Jermaine Lowe. On June 3, 1998, Cincinnati police in Over-the-Rhine tried to pull over a stolen car being driven by Lowe, who suddenly sped away. Chased by police, Lowe crashed into another car in Corryville, then leaned out the car window and began shooting at three officers. The officers shot back, killing Lowe. The 21-year-old Mount Auburn man already had served nearly five years in prison for robbery, had broken parole and was being sought for a recent armed robbery.
Daniel Williams. On Feb. 2, 1998, Williams, 41, who had a history of criminal and mental problems, flagged down a police cruiser being driven on Central Parkway by a 23-year-old female officer.
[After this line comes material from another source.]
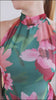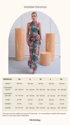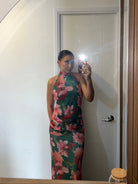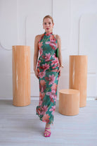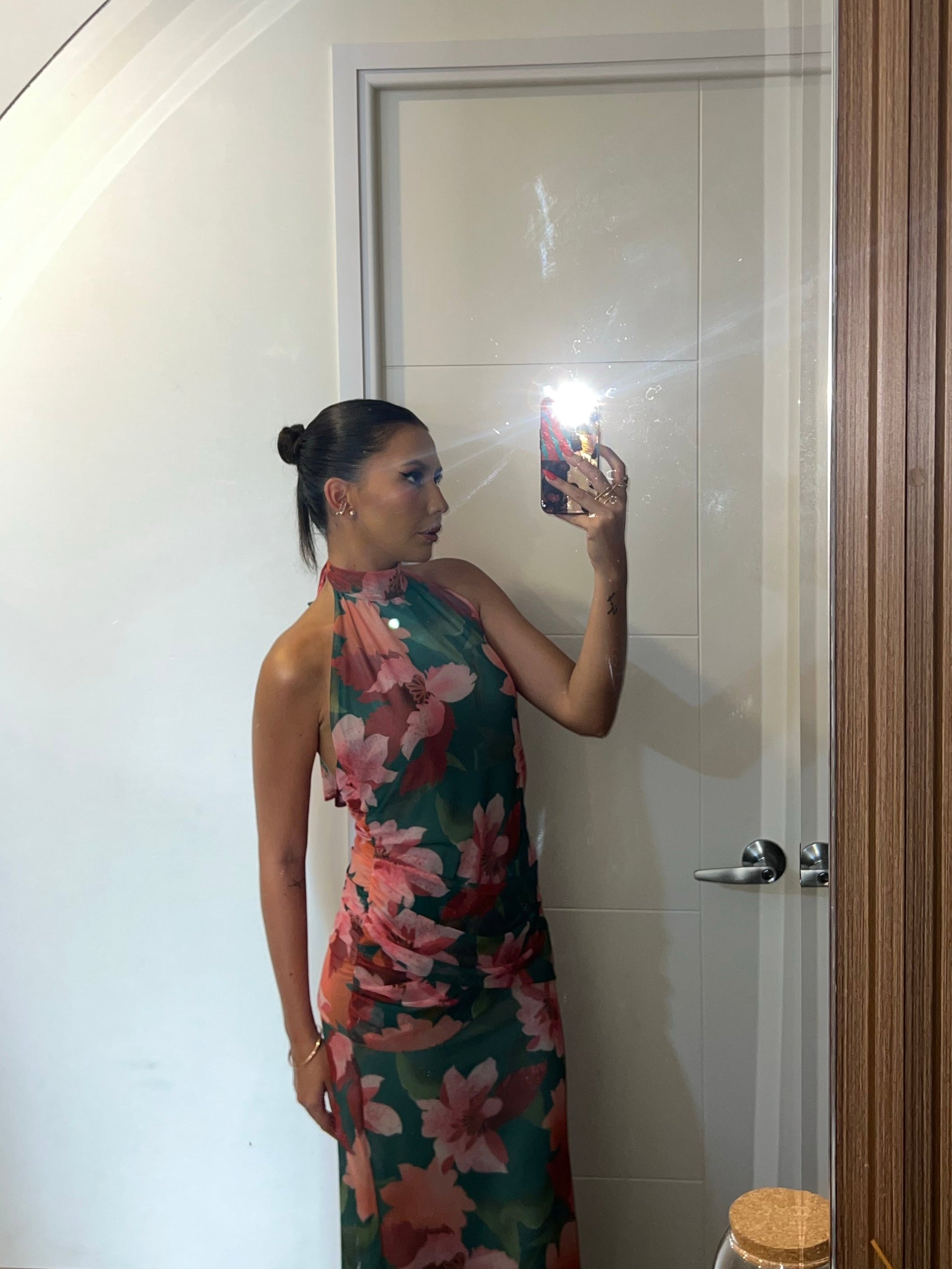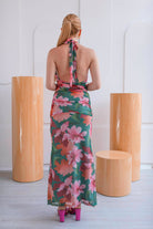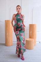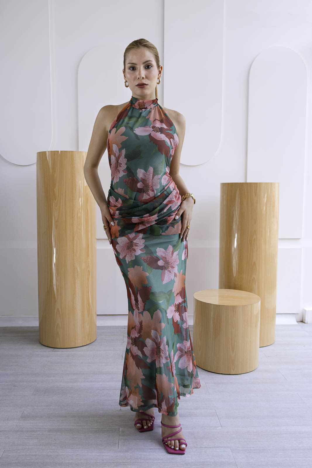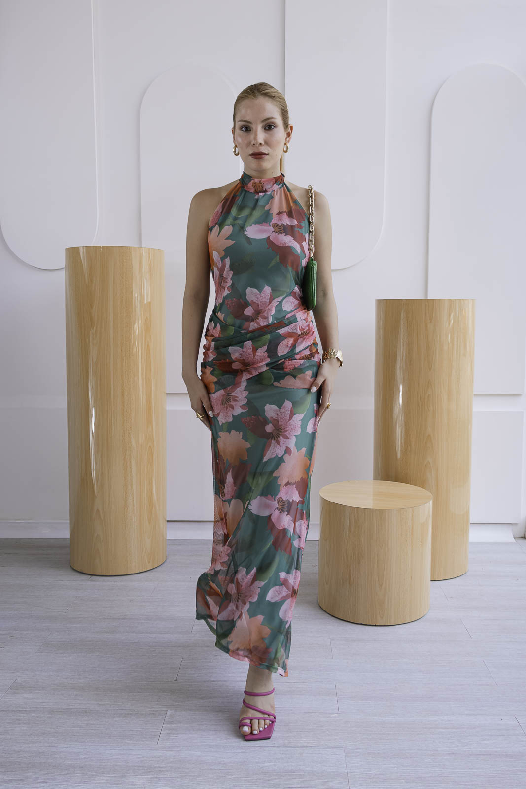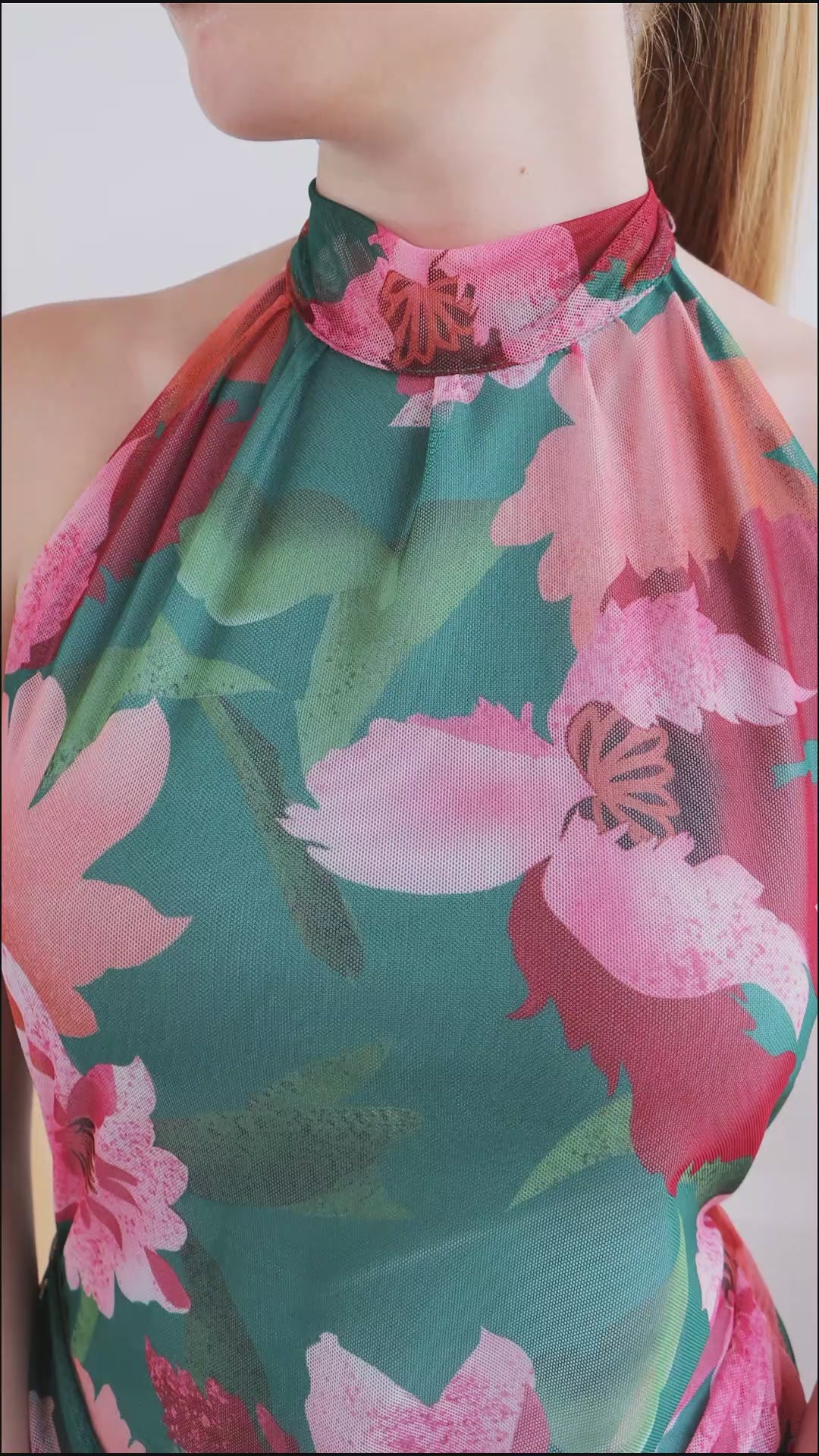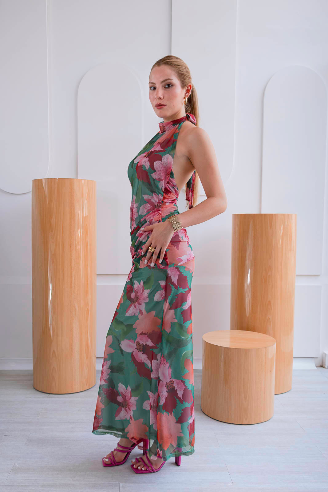 Estampado floral en tonos verde esmeralda, rosa empolvado y acentos terracota. El diseño destaca por su escote halter, que enmarca los hombros y alarga visualmente el cuello, aportando un aire femenino y elegante.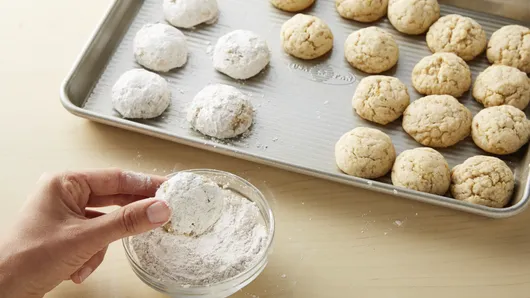 Step4Meanwhile, in small bowl, mix powdered sugar and cinnamon until well blended. Roll warm cookies in powdered sugar mixture. Roll in powdered sugar mixture again. Cool completely, about 30 minutes. Store covered at room temperature.

Williams pulled a .357-caliber Magnum and shot the officer four times in the leg and abdomen below her bulletproof vest, then shoved her to the passenger side, got behind the wheel and sped away. Though wounded, the officer was able to pull her gun and kill Williams.
Lorenzo Collins. Collins was gunned down on Feb. 23, 1997, after threatening several officers, including a Cincinnati police officer and a University of Cincinnati officer who both fired at him, with a brick. He had just escaped from University Hospital's eighth-floor psychiatric ward, where he was being held at the request of a suburban police department.
Darryl C. Price. The 42-year-old Corryville man died on April 4, 1996, after striking his head while struggling with officers.
Police had been called to investigate a ''violent mental subject'' after a passersby reported a man was screaming and running in and out of traffic. When officers arrived, they found Price jumping on the hood of a car at Martin Luther King and Eden Avenue. As officers tried to handcuff him, he resisted. Officers then wrestled Price to the ground and handcuffed him. But as they tumbled to the ground, Price struck his head on a metal plate covering road construction, police said.
Harvey Price. A 34-year-old ex-convict from Avondale, Price was shot five times after he lunged with a knife at officers who had tried repeatedly to subdue him after he killed and partially decapitated his girlfriend's 15-year-old daughter with an ax. An autopsy later determined that Price had taken cocaine within 12 hours of the Feb. 1, 1995, incident.